*** Material for this task Section Begins ***
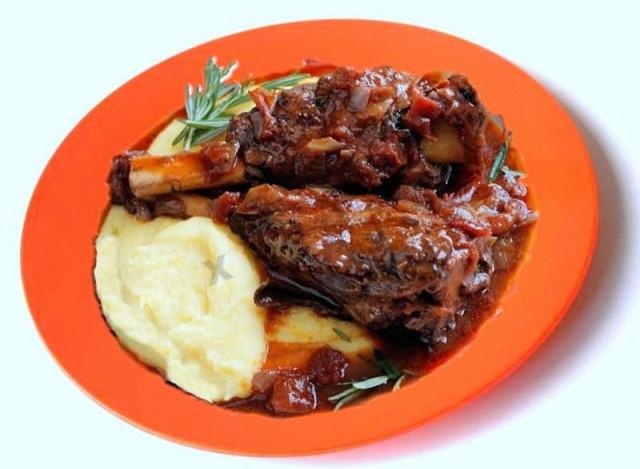 Переложите мясо с костью к луку в кастрюлю для тушения. Залейте бальзамический уксус (можно взять самый дешевый), рубленые помидоры в собственном соку, кипяток. Все размешайте, закройте крышкой и поставьте часов на 6-7 в духовку. Там блюдо должно томиться до тех пор, пока мясо не будет легко расходиться на волокна. Раз в 2 часа нужно перемешивать блюдо. Если мясо будет выглядеть сухим, доливайте в него горячей воды.
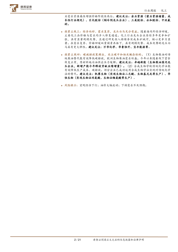 投资主线三:经济向好、需求复苏,龙头白马充分受益。随着海内外经济回暖,主要化工品价格与需求均步入修复通道。化工行业龙头企业历经多年竞争和扩张,具有显著规模优势,且通过研发投入持续夯实成本护城河,核心竞争力显著。在需求复苏、价格回暖双重因素共振下,具有规模优势、成本优势的龙头白马具有更大弹性。建议关注:万华化学、华鲁恒升、宝丰能源等。
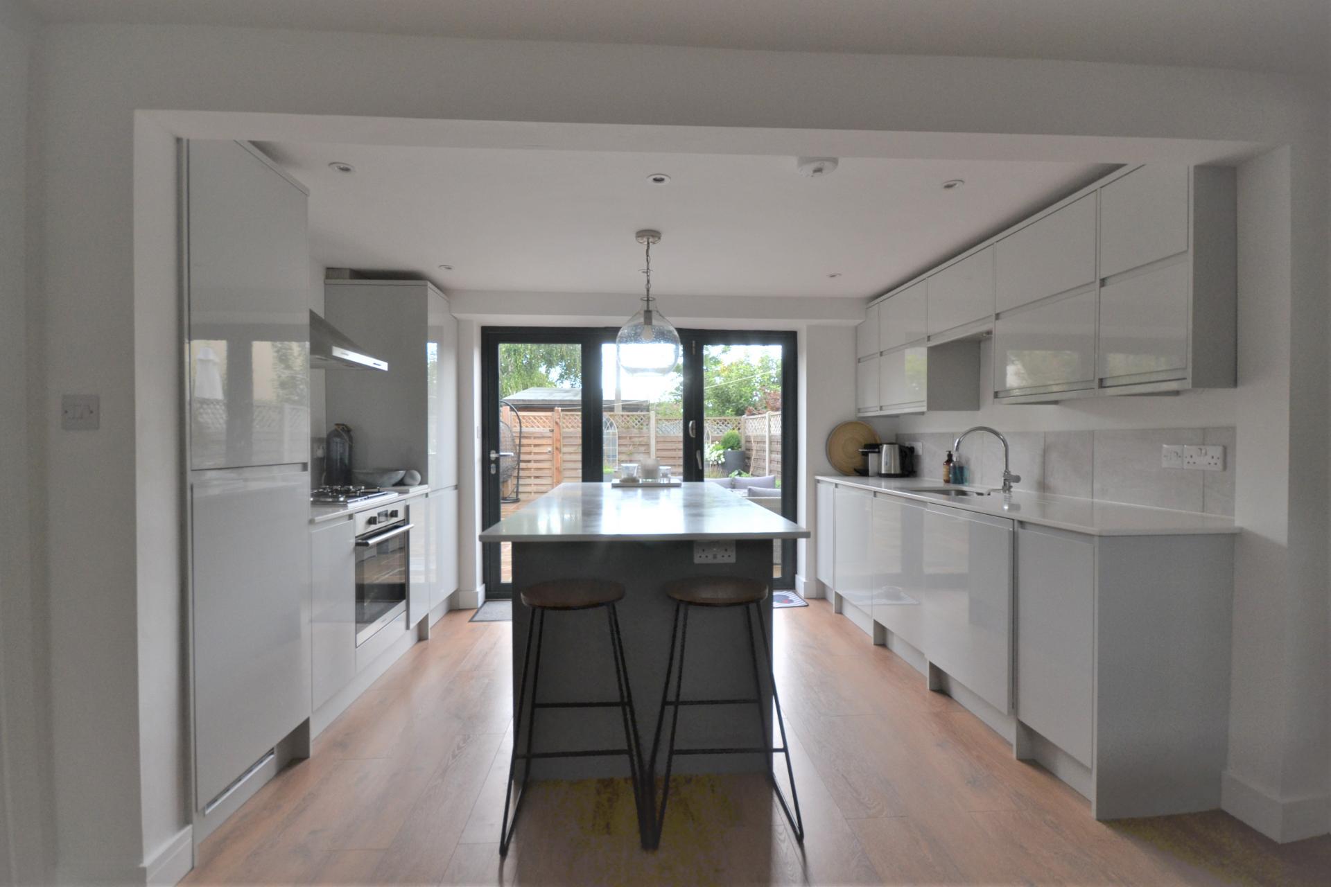 A well presented, three bedroom property that has been completely refurbished throughout. Located within short walking distance of Saffron Walden town centre and just a stones throw from The Common. The open plan kitchen diner offers a range of wall and base units as well as an attractive island with breakfast bar and bifold doors to the rear garden. Appliances include an electric oven, gas hob, integrated fridge/freezer, dishwasher and washing machine. There is also a living room with feature fireplace and log burning stove
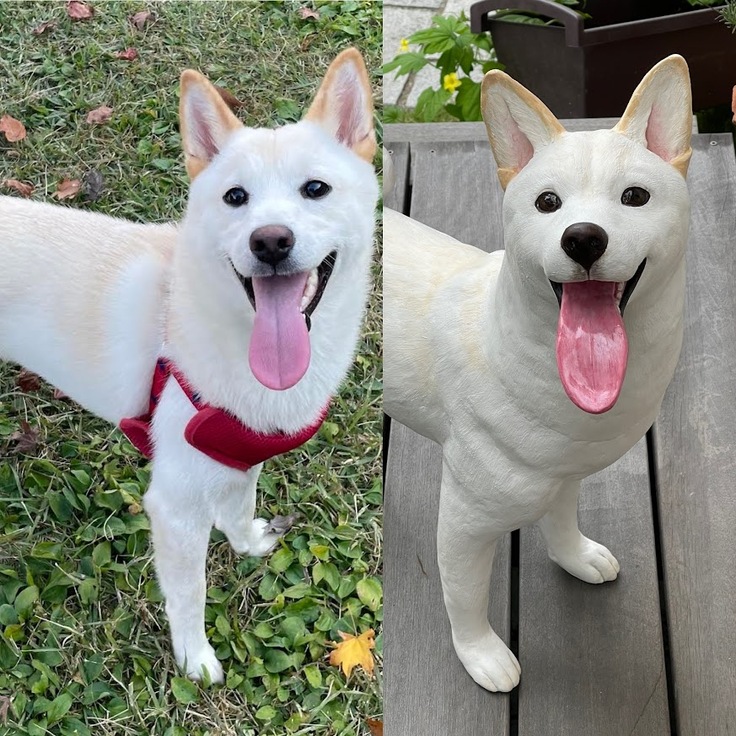 何点かの画像を参考にさせていただき製作致します。ハーネスを取ったり着けたり、服を着せたりなど、ご自由です。原寸大の場合は本物の服やハーネス、首輪などがお勧めです。
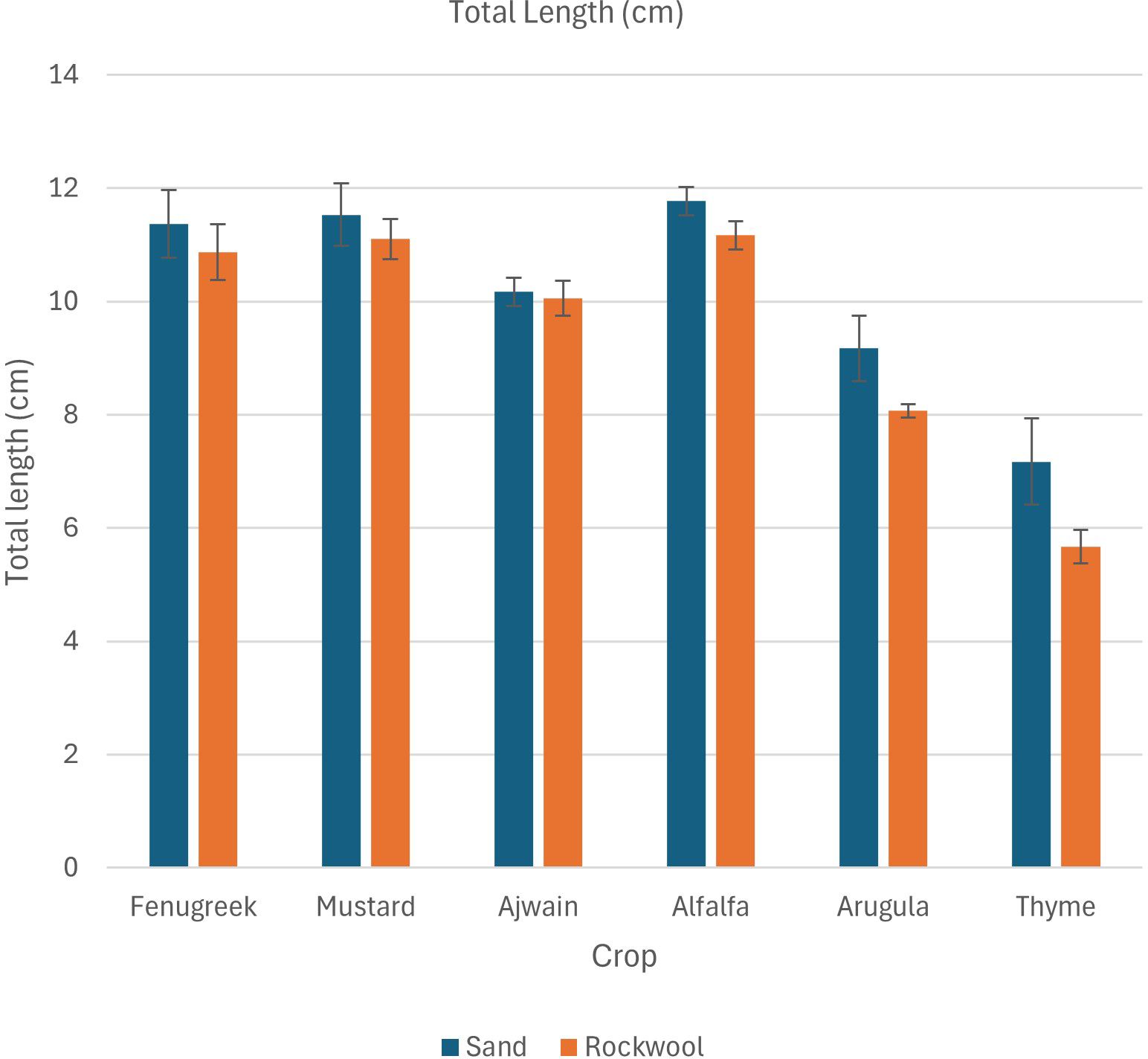 Figure 2. Total length (cm) of different microgreen species in sand and rockwool media. ANOVA with Tukey’s post hoc test was performed (p < 0.05). Different superscripts indicate significant differences; absence of superscripts indicates no significant differences.
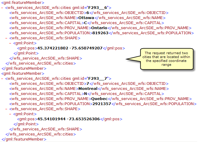 You can also add filters in the request to refine the results that are returned. For example you can request all of the cities that are within a specified coordinate range. In the example below two cities are located within a specified coordinate range.
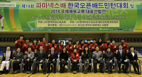 지난 5일부터 6일까지 경기도 수원시 만석공원 배드민턴 전용 경기장에서 열린 '제14회 파마넥스배 한국오픈배드민턴대회'. 한국여성스포츠회가 주최하고, 2001년부터 14년동안 다국적 유통기업 뉴스킨 코리아의 건강기능식품 브랜드 파마넥스가 후원을 해왔다.
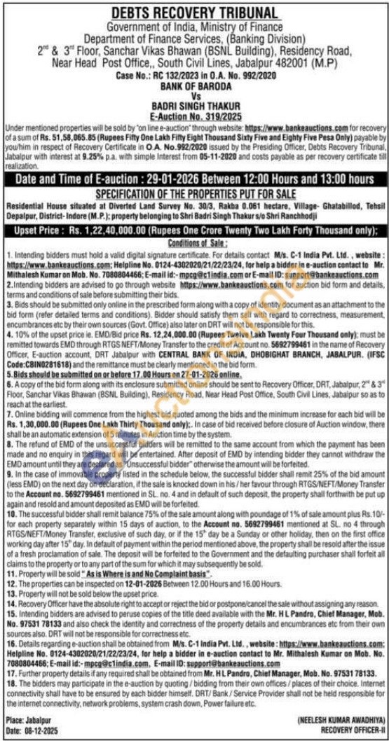 Residential House situated at Diverted Land Survey No. 30/3, Rakba 0.061 hectare, Village Ghatabilled, Tehsil Depalpur, District-Indore (M.P.): property belonging to Shri Badri Singh Thakur s/o Shri Ranchhodji
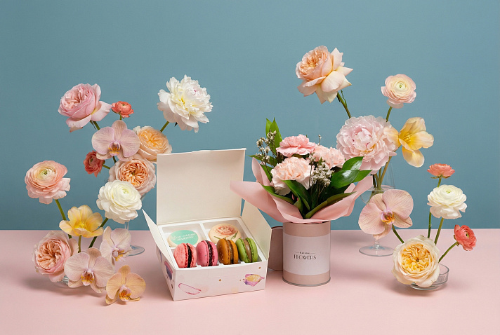 Эта композиция объединяет живые цветы, изящные макароны и стильные детали — для нежного подарка с весенним настроением.
*** Material for this task Section Ends ***
> **Problem details**:
All of the lines above must be repeated without alteration, though the pictures are to be excluded.

> **Solution for this exercise**:
 Переложите мясо с костью к луку в кастрюлю для тушения. Залейте бальзамический уксус (можно взять самый дешевый), рубленые помидоры в собственном соку, кипяток. Все размешайте, закройте крышкой и поставьте часов на 6-7 в духовку. Там блюдо должно томиться до тех пор, пока мясо не будет легко расходиться на волокна. Раз в 2 часа нужно перемешивать блюдо. Если мясо будет выглядеть сухим, доливайте в него горячей воды.
 投资主线三:经济向好、需求复苏,龙头白马充分受益。随着海内外经济回暖,主要化工品价格与需求均步入修复通道。化工行业龙头企业历经多年竞争和扩张,具有显著规模优势,且通过研发投入持续夯实成本护城河,核心竞争力显著。在需求复苏、价格回暖双重因素共振下,具有规模优势、成本优势的龙头白马具有更大弹性。建议关注:万华化学、华鲁恒升、宝丰能源等。
 A well presented, three bedroom property that has been completely refurbished throughout. Located within short walking distance of Saffron Walden town centre and just a stones throw from The Common. The open plan kitchen diner offers a range of wall and base units as well as an attractive island with breakfast bar and bifold doors to the rear garden. Appliances include an electric oven, gas hob, integrated fridge/freezer, dishwasher and washing machine. There is also a living room with feature fireplace and log burning stove
 何点かの画像を参考にさせていただき製作致します。ハーネスを取ったり着けたり、服を着せたりなど、ご自由です。原寸大の場合は本物の服やハーネス、首輪などがお勧めです。
 Figure 2. Total length (cm) of different microgreen species in sand and rockwool media. ANOVA with Tukey’s post hoc test was performed (p < 0.05). Different superscripts indicate significant differences; absence of superscripts indicates no significant differences.
 You can also add filters in the request to refine the results that are returned. For example you can request all of the cities that are within a specified coordinate range. In the example below two cities are located within a specified coordinate range.
 지난 5일부터 6일까지 경기도 수원시 만석공원 배드민턴 전용 경기장에서 열린 '제14회 파마넥스배 한국오픈배드민턴대회'. 한국여성스포츠회가 주최하고, 2001년부터 14년동안 다국적 유통기업 뉴스킨 코리아의 건강기능식품 브랜드 파마넥스가 후원을 해왔다.
 Residential House situated at Diverted Land Survey No. 30/3, Rakba 0.061 hectare, Village Ghatabilled, Tehsil Depalpur, District-Indore (M.P.): property belonging to Shri Badri Singh Thakur s/o Shri Ranchhodji
 Эта композиция объединяет живые цветы, изящные макароны и стильные детали — для нежного подарка с весенним настроением.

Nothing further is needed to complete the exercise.